Diperbolehkan jika uang
kelebihan yang didapat dari akad qarḍ tersebut untuk biaya administrasi atau hadiah dan hal ini tidak terjadi
diawal akad melainkan terjadi ketika pertengahan akad atau saat berakhirnya
akad. Barang yang dibolehkan dalam qarḍ yaitu harta yang satuan barangnya tidak berbeda yang mengakibatkan
perbedaan nilainya, seperti barang-barang yang ditakar, ditimbang, dijual
satuan dengan ukuran yang tidak jauh berbeda antara yang satu dengan yang lain.[2] Sesuai
dengan al-Qur’an surat al-Baqarah ayat 188, sebagai berikut:
وَ لاَ تَأْكُلُوا أَمْوَالَ النَّاسِ بِالْبَاطِلِ وَ تُدْلُوا بِهاَ
إِلَى الْحُكَّامِ لِتَأْكُلُوا فَرِيْقاً مِنْ أَمْوالِ النَّاسِ بِالإِثْمِ وَ
أَنْتُمْ تَعْلَمُونَ
“Dan janganlah kamu makan harta diantara kamu dengan jalan
yang batil, dan (janganlah) kamu menyuap dengan harta itu kepada para hakim,
dengan maksud agar kamu dapat memakan sebagian harta orang lain itu dengan
jalan dosa, padahal kamu mengetahui.” (Qs. Al-Baqarah: 188)
Atas dasar ini maka
perjudian, penipuan, perampasan, pengingkaran hak, dan lain-lain tidak
diperbolehkan. selain itu, jika ada yang melangsungkan akad, maka pihak yang
bertransaksi haruslah pemilik barang tersebut atau wakil dari pemilik barang tersebut
atau wakil dari pemilik barang atau yang diberi wasiat.[3] Jelas
bahwa amil zakat melakukan praktik hutang piutang dengan menggunakan dana yang
bukan miliknya penuh, amil berwenang mendayagunakan dana zakat tersebut, selama
mustahik telah mendapatkan hak miliknya dengan cara didistribusikan terlebih dahulu, sesuai dengan pasal 27 ayat
(2) Undang-undang No. 23 tahun 2011
tentang pengelolaan zakat. Dalam hal ini,
hak mustahik tergolong pada posisi hak pertengahan, di mana ia dapat menuntut
kepemilikan atas dana zakat tersebut.
Praktik hutang
piutang harta zakat, ditinjau dengan menggunakan maṣlahah mursalah tidak tepat.
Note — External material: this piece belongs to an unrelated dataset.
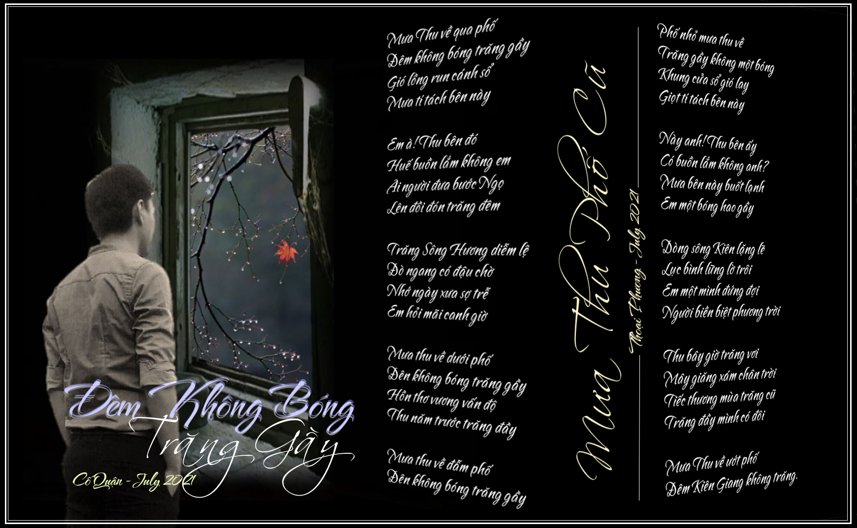 Vui thật...hôm nay thơ của nhị tôi lại được đứng cạnh thơ của chị hai Thoại Phương rồi. Tháng Chín Thu Về Trắng Hạt Bay Sông kiên tháng chín thu về Mây trời bảng lảng bốn bề heo may Gió lên nghiêng cọng cỏ gầy Vàng pha tơ nắng bến này khói giăng Hoàng hôn tím nhuộm màu trăng Hồn tư tưởng áo cung hằng...chén say Sông Kiên tháng chín heo may Bốn bề hạt trắng hạt gầy mưa thu Vào viết tám câu lục bát, nửa trả công anh Hoa đã lộng hình và nửa tặng chị Thoại Phương vậy. Thân, Nhị

Karena, faktanya hampir separuh peminjam menunggak dalam pengembalian utangnya,
bahkan kebanyakan adalah bukan dari kalangan mustahik, yang lebih berhak atas
dana zakat itu agar mereka dapat menjadi muzakki. Ditinjau dengan teori saad
aż żarī’ah, praktik peminjaman zakat māl, dengan sistem yang sudah
diterapkan sekarang tidak tepat, bahkan perlu dihindari agar tidak terjadi
kemafsadatan. Akan tetapi, akan menjadi maslahat jika pengelolaannya
menggunakan sistem yang tepat dan tertata, khususnya menyikapi peminjam yang
menunggak, ditambah kebanyakan bukan dari kalangan mustahik. Akhirnya dana berhenti
di tangan peminjam tersebut, dan mustahik akan lebih sulit untuk menjadi muzakki.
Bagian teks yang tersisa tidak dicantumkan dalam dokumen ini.